#### What is required:
Please restate each line of the material word for word and omit any pictures.

#### Collected data:
--- START ---

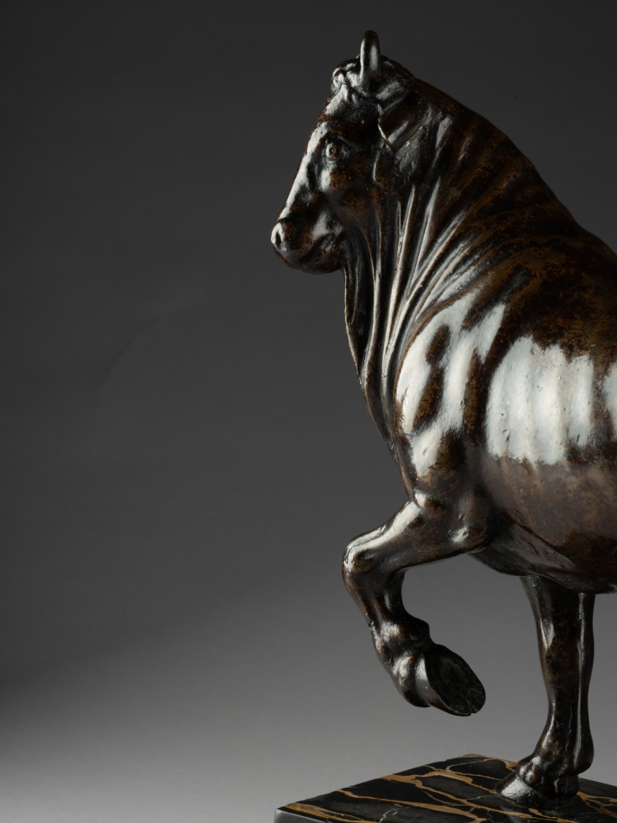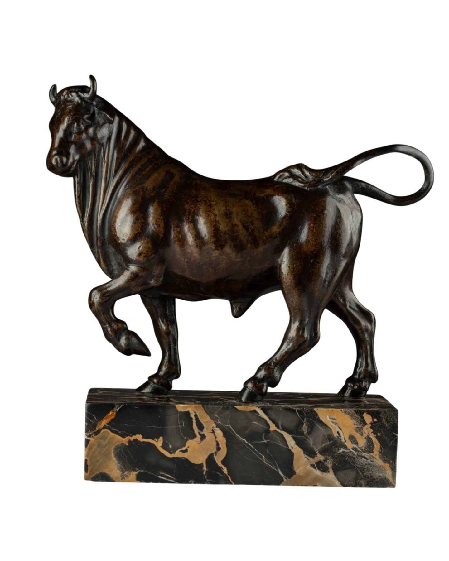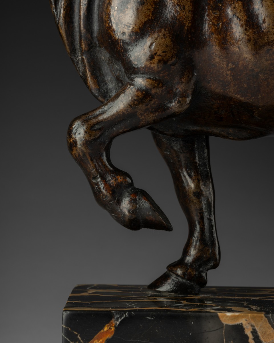 This fine 17th century bronze statuette depicting a bull is based on an original by the great Florentine sculptor of Flemish origin, Giambologna (1529-1608). Giambologna based his bull on ancient Roman statues and other depictions of the sacrificial animal. Together with a series of other statues by the artist, it exemplifies the influence of the Antique on his oeuvre. Originally Giambologna seems to have invented the statue of The Bull to pair it with an earlier statue he had made of a Lion, itself based on Roman sculptures and images of lions. While Giambologna produced the wax master-model of the statue, it was his talented and renowned pupil Antonio Susini (1580-1624) who created the moulds necessary for casting an edition. Eventually two slightly different models of the Bull were made. The rarer type is heavier build, with a more pronounced dewlap and more extensive tufts of curls hanging down its forehead. This is the type that can be found in the Bargello in Florence. The second, much commoner type has a smoother neck and a slightly smaller head, which is held slightly more erect. It was successively cast by Antonio and Gianfrancesco Susini. Soon, this latter type is often found paired with the statue of a Horse, also by Giambologna. This pairing became far more popular and frequent than its original pairing with the Lion and seems to have become standard early on.
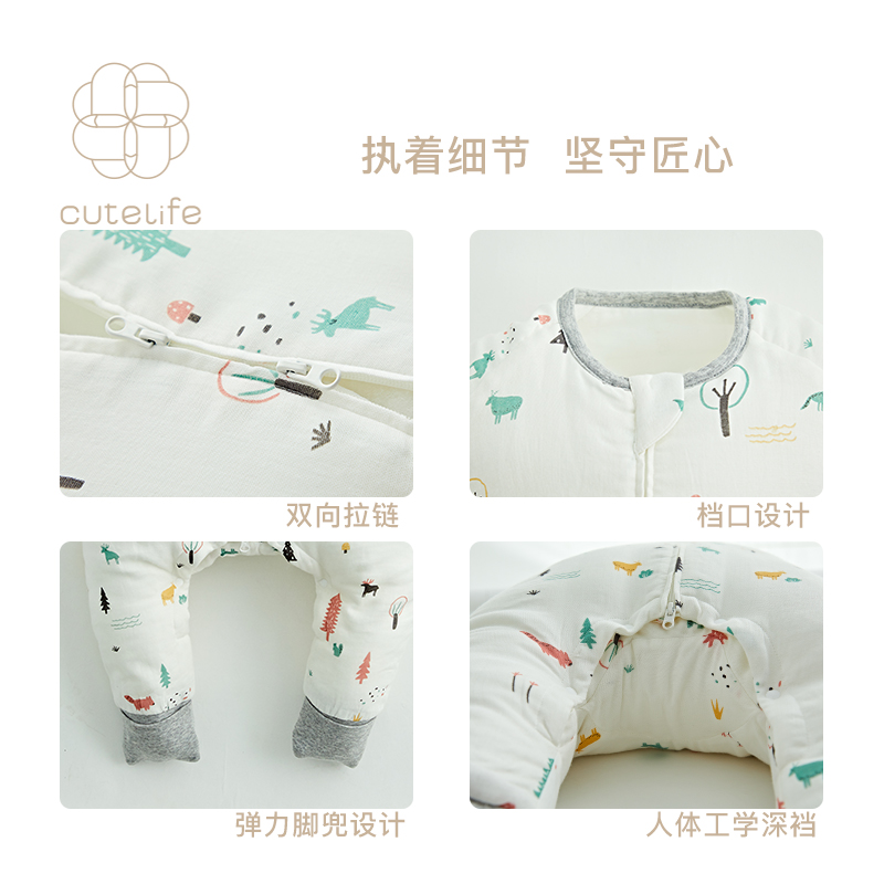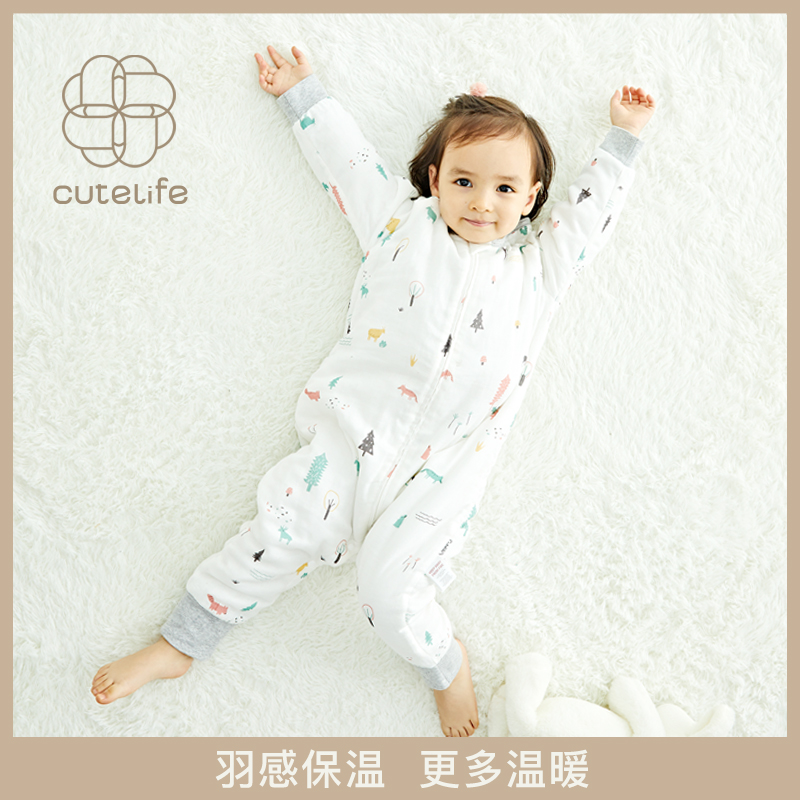Cutelife feather feeling sleeping bag Spring and autumn new thin jacket cotton baby anti-kick gauze thick baby sleeping bag
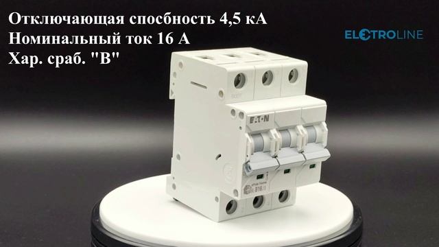 Модульный автоматический выключатель производства Eaton. Трехполюсный, с кривой отключения "B". Номинальный ток 16А. Применяется в жилых помещениях, частных домах и там, где достаточно отключающей способности 4,5 кА. Монтаж на Din-рейку. Подробнее, смотрите на страничке нашего интернет-магазина, по ссылке: https://electroline.ru/product/hl-b163-modulnyy-avtomaticheskiy-vyklyuchatel-3-polyus-krivaya-otklyucheniya-b-nominalnyy-tok-16a.html

--- END ---

#### Final answer:
 This fine 17th century bronze statuette depicting a bull is based on an original by the great Florentine sculptor of Flemish origin, Giambologna (1529-1608). Giambologna based his bull on ancient Roman statues and other depictions of the sacrificial animal. Together with a series of other statues by the artist, it exemplifies the influence of the Antique on his oeuvre. Originally Giambologna seems to have invented the statue of The Bull to pair it with an earlier statue he had made of a Lion, itself based on Roman sculptures and images of lions. While Giambologna produced the wax master-model of the statue, it was his talented and renowned pupil Antonio Susini (1580-1624) who created the moulds necessary for casting an edition. Eventually two slightly different models of the Bull were made. The rarer type is heavier build, with a more pronounced dewlap and more extensive tufts of curls hanging down its forehead. This is the type that can be found in the Bargello in Florence. The second, much commoner type has a smoother neck and a slightly smaller head, which is held slightly more erect. It was successively cast by Antonio and Gianfrancesco Susini. Soon, this latter type is often found paired with the statue of a Horse, also by Giambologna. This pairing became far more popular and frequent than its original pairing with the Lion and seems to have become standard early on.
Cutelife feather feeling sleeping bag Spring and autumn new thin jacket cotton baby anti-kick gauze thick baby sleeping bag
 Модульный автоматический выключатель производства Eaton. Трехполюсный, с кривой отключения "B". Номинальный ток 16А. Применяется в жилых помещениях, частных домах и там, где достаточно отключающей способности 4,5 кА. Монтаж на Din-рейку. Подробнее, смотрите на страничке нашего интернет-магазина, по ссылке: https://electroline.ru/product/hl-b163-modulnyy-avtomaticheskiy-vyklyuchatel-3-polyus-krivaya-otklyucheniya-b-nominalnyy-tok-16a.html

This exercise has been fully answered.